A federal appellate court yesterday rejected the National Labor Relations Board’s “notice posting rule” that would have required nearly 6 million employers to conspicuously display the Board’s employee-rights poster. Last spring, we covered rulings by federal district courts in Washington D.C. andSouth Carolina that blocked the Board’s proposed rule. Last April, the U.S. Court of Appeals for the District of Columbia Circuit put the rule on hold pending an appeal by the National Association of Manufacturers (NAM) and the National Federation of Independent Business (NFIB). In yesterday’s decision, the D.C. Circuit vacated the Board’s notice posting rule, finding that all three of the rule’s enforcement mechanisms were invalid.

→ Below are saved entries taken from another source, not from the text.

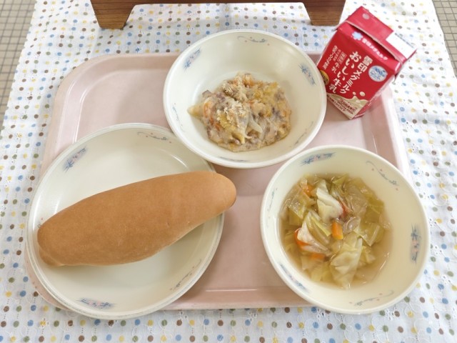 今日は今年度最後のパン献立です。ペンネの豆乳グラタンは子どもたちに大人気の献立で、パンにもとっても良く合います。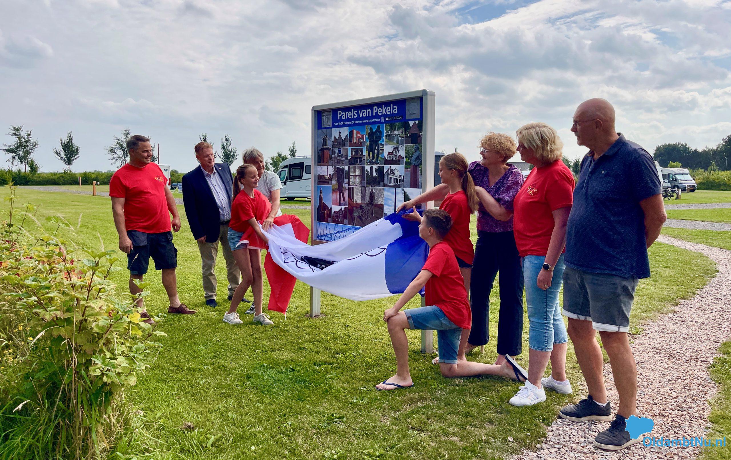 Het informatiebord werd onthuld door wethouders Ellen van Klaveren en Reiny Kuiper samen met de familie Woltjer van de Campertuin. De camperplaats is nog maar nauwelijks twee weken open maar nu al komen ze van heinde en verre naar Nieuwe Pekela. ‘Echt bijzonder’, vertelt Renate Woltjer. ‘Duitsland, België maar ook uit Noorwegen en Spanje. We hebben nog niet eens echt reclame gemaakt en nu staan er al zo’n vijf campers per dag. En allemaal vinden ze Pekela prachtig.’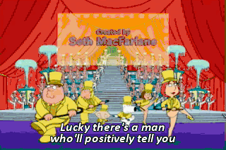 Lucky there's a man who'll positively tell you all the things that make us laugh 'n' cry He's a family guy welL, Everything's all set for Stewie's birthday party.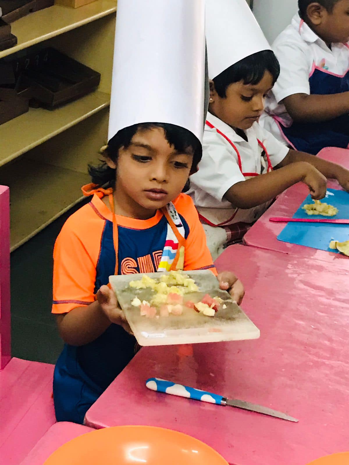 Our little chefs had fun making a healthy fruit salad! It was a colorful, tasty way to learn about fruits and healthy eating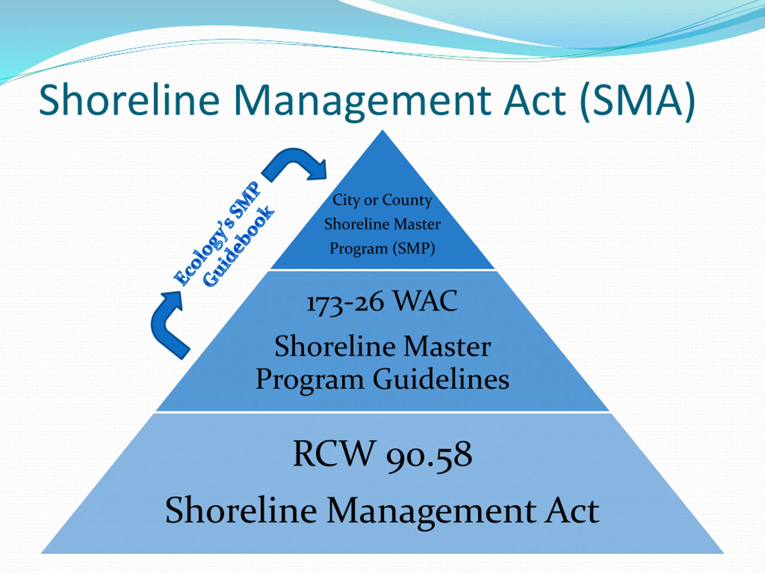 Shoreline Management Act (SMA) Ecology s SMP City or County Guidebook Shoreline Master Program (SMP) 173-26 WAC Shoreline Master Program Guidelines RCW 90.58 Shoreline Management Act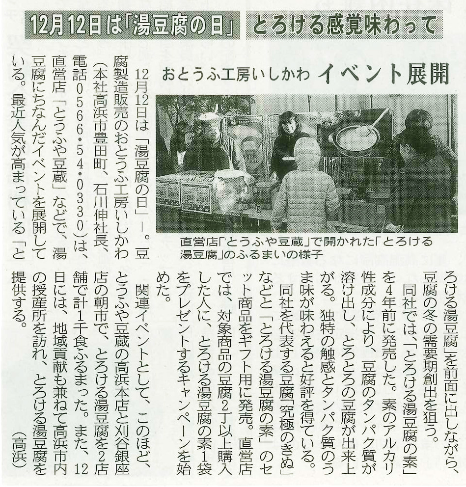 - 12月12日|12月12日は「湯豆腐の日」イベント展開【中部経済新聞】
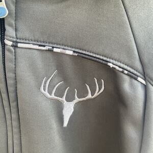 Embrace the great outdoors with this Cabela's Buck Logo Hoodie in a versatile medium size. Designed with practicality in mind, this full-zip windbreaker in classic black is tailored for the hunting enthusiast. It features a prominent logo accent, adding a touch of brand identity to the functional design.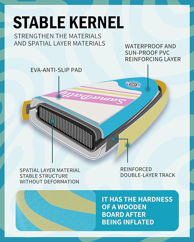 - Spacious & Enjoyable: SamaDally Candy Star series inflatable stand-up paddle boards are 1 to 2 inches wider than other similar products. 34in paddle surface is extremely spacious. Both beginners and paddleboards enthusiasts can find their own water - based fun on this SUP and enjoy a relaxing time.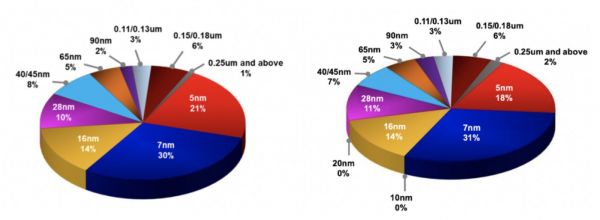 具体拆分收入来源,按技术划分,先进制程(7nm或更先进)的5nm订单占销售额的21%,上年同期为18%,7nm订单占销售额的30%,上年同期为31%。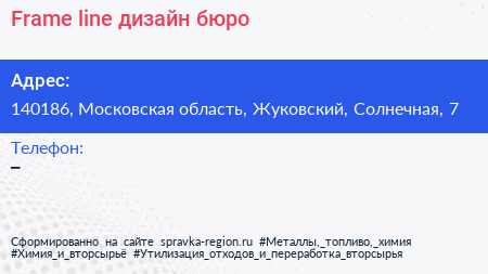 Frame-line, дизайн-бюро по адресу 140186, Московская область, Жуковский, Солнечная, 7 в дальнейшем Организация, размещена в следующих категориях:

The D.C. Circuit pursued a different angle than the litigants, finding that the Board’s notice posting rule violated Section 8(c) of the National Labor Relations Act and impermissibly infringed on employers’ First Amendment rights. The Board had argued, among other things, that the content of the poster constituted the Board’s speech, not the employer’s speech, and that the poster was “non-ideological,” and therefore differed from other cases where the Supreme Court had found compelled speech unlawful.
Writing for a unanimous 3-judge panel, Senior Judge A. Raymond Randolph found that the Board’s decision to make an employer’s failure to post the notice an unfair labor practice violated “the right of employers (and unions) not to speak.” Citing extensive Supreme Court authority, the D.C. Circuit noted that the First Amendment not only prevents the government from prohibiting speech, but also may prevent the government “from compelling individuals to express certain views.” Citing Section 8(c) of the National Labor Relations Act, Judge Randolph noted that this provision similarly protected the Board from charging an employer with an unfair labor practice for refusing to engage in speech.

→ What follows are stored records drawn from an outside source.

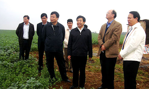 1月8日至9日,由农业部优质农产品开发服务中心王春波副主任和李连海处长组成的工作组到广东省指导冬季蔬菜生产及春耕备耕工作。工作组一行深入遂溪县和廉江市的冬季蔬菜生产基地,通过实地查看、访问农户和召开座谈会等形式,了解近期降温天气对广东省蔬菜生产的影响和当地保障春节和春季蔬菜市场供应的情况,听取当地农业主管部门冬季蔬菜生产以及春耕备耕工作汇报,同时,积极宣讲中央农村工作会议和全国农业工作会议精神以及国家强农惠农政策。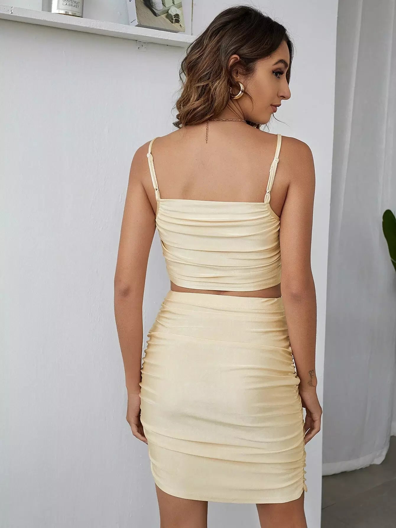 النساء - توب كامي شرطي سادة وتنورة ضيقة
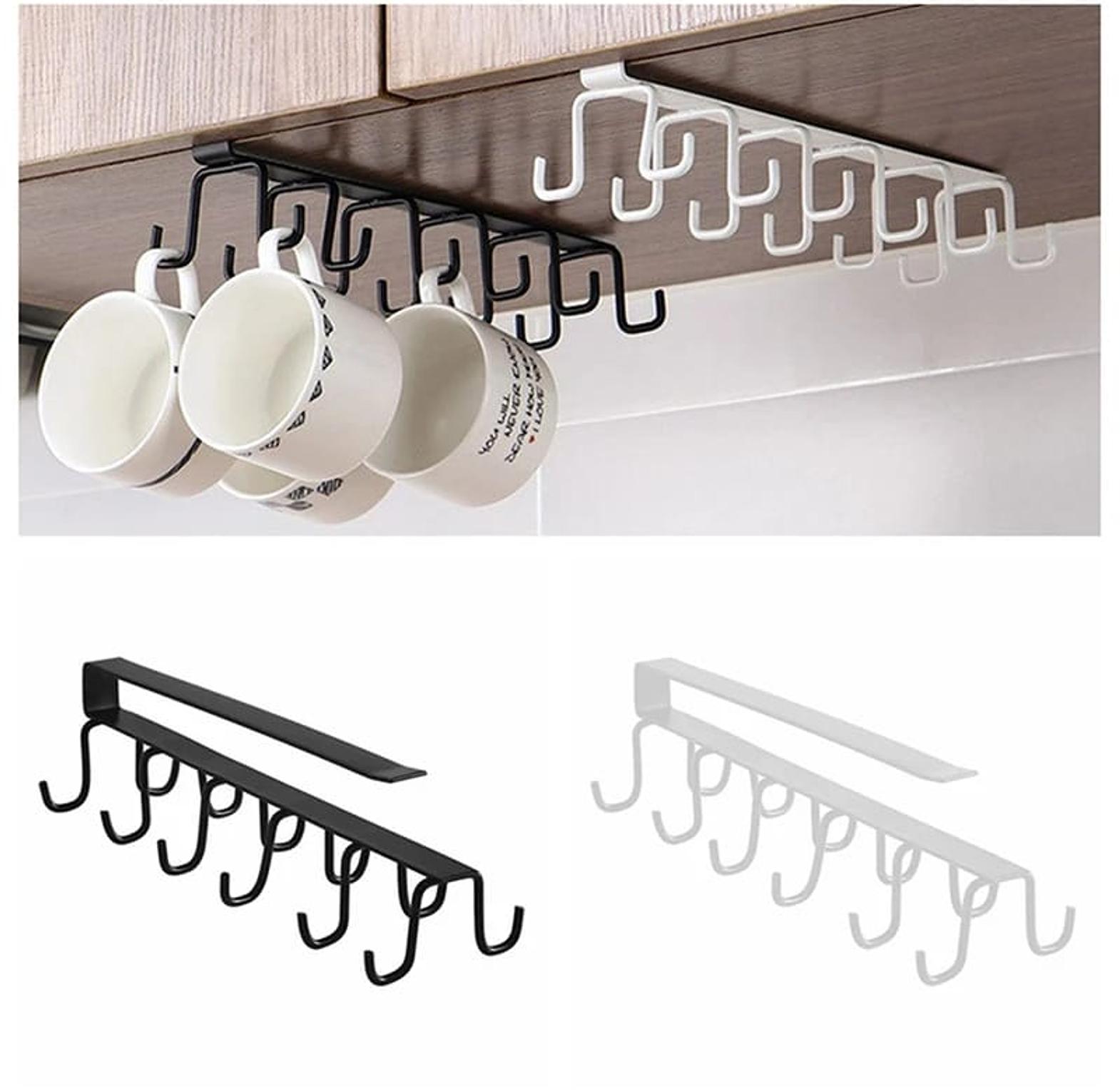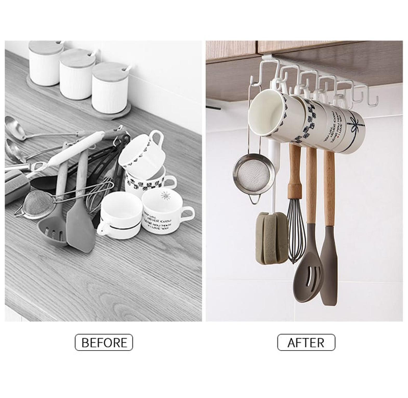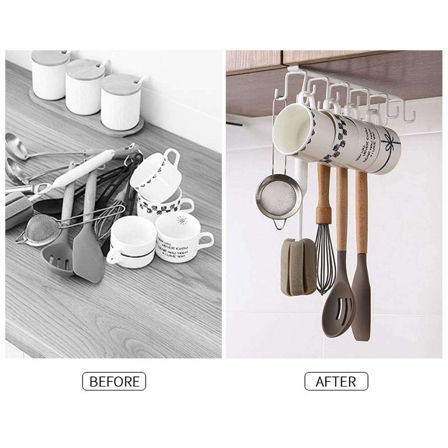 Multifunction Double-row Storage Hook Wardrobe Cabinet Metal Shelves Hanging Hooks Punch-free Hanging Cup Holder Kitchen Tool
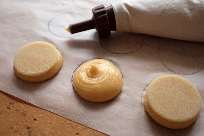 Teď si sestavte obě komponenty dohromady. Vezměte si pečící papír a nakreslete si do něj kolečka přesně podle rozměrů vašeho vykrajovátka. Dolů přijde odpalované těsto a nahoru mražený deklík z těsta druhého. Tady se pracuje s cukrářským pytlíkem s normálním otvorem ve špičce.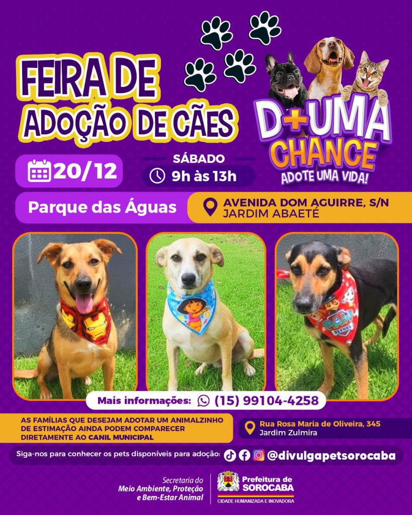A Prefeitura de Sorocaba, por meio da Secretaria do Meio Ambiente, Proteção e Bem-Estar Animal (Sema), realiza neste sábado (20), das 9h às 13h, a feirinha de adoção de cães no Parque das Águas, Jardim Abaeté.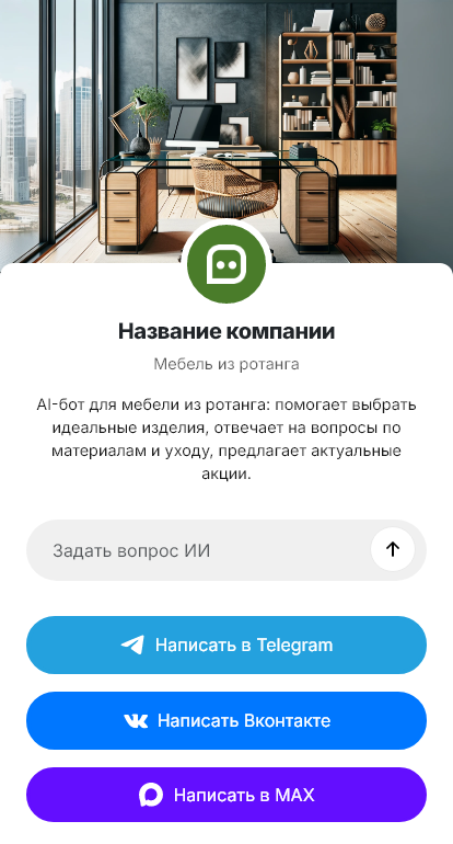 Бот для мебели из ротанга помогает быстро собрать запрос и предложить подходящий комплект. Он уточняет место использования, желаемую компоновку (диван, кресла, стол, шезлонги, подвесное кресло), количество посадочных мест, предпочтения по цвету плетения и подушек, бюджет и сроки. Бот может объяснить разницу между натуральным и искусственным ротангом, подсказать, какие модели лучше для открытого воздуха, а какие — для закрытых помещений, и как ухаживать за комплектом.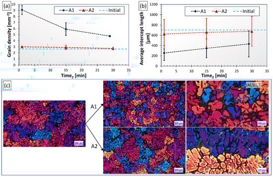 The results of the grain size analysis are summarized in Figure 2. Figure 2a,b present the evolution of average grain number density and average intercept length results, while Figure 2c shows microstructural images of the samples cast before and after Al-10%Ti addition for both experiments. The initial grain density and intercept length values measured on the control samples are represented by blue dashed lines for easier comparison.

The court also rejected the notice posting rule because it impermissibly allowed the Board to delay (or “equitably toll”) the six-month statute of limitations for filing unfair labor practice charges. The court determined that there was no evidence that Congress intended to allow the Board to amend the Act’s statute of limitations.
Judge Karen LeCraft Henderson, joined by Judge Janice Rogers Brown, wrote separately that she would have found the Board also lacked authority to promulgate the notice posting rule under Section 6 of the National Labor Relations Act, the provision on which the NAM, NFIB, and the Board had focused their briefings to the court.
For now, employers are not required to post the NLRB’s notice. However, another challenge to the NLRB’s notice posting rule remains pending before the United States Court of Appeals for the Fourth Circuit. We will continue to report on any future developments in this area.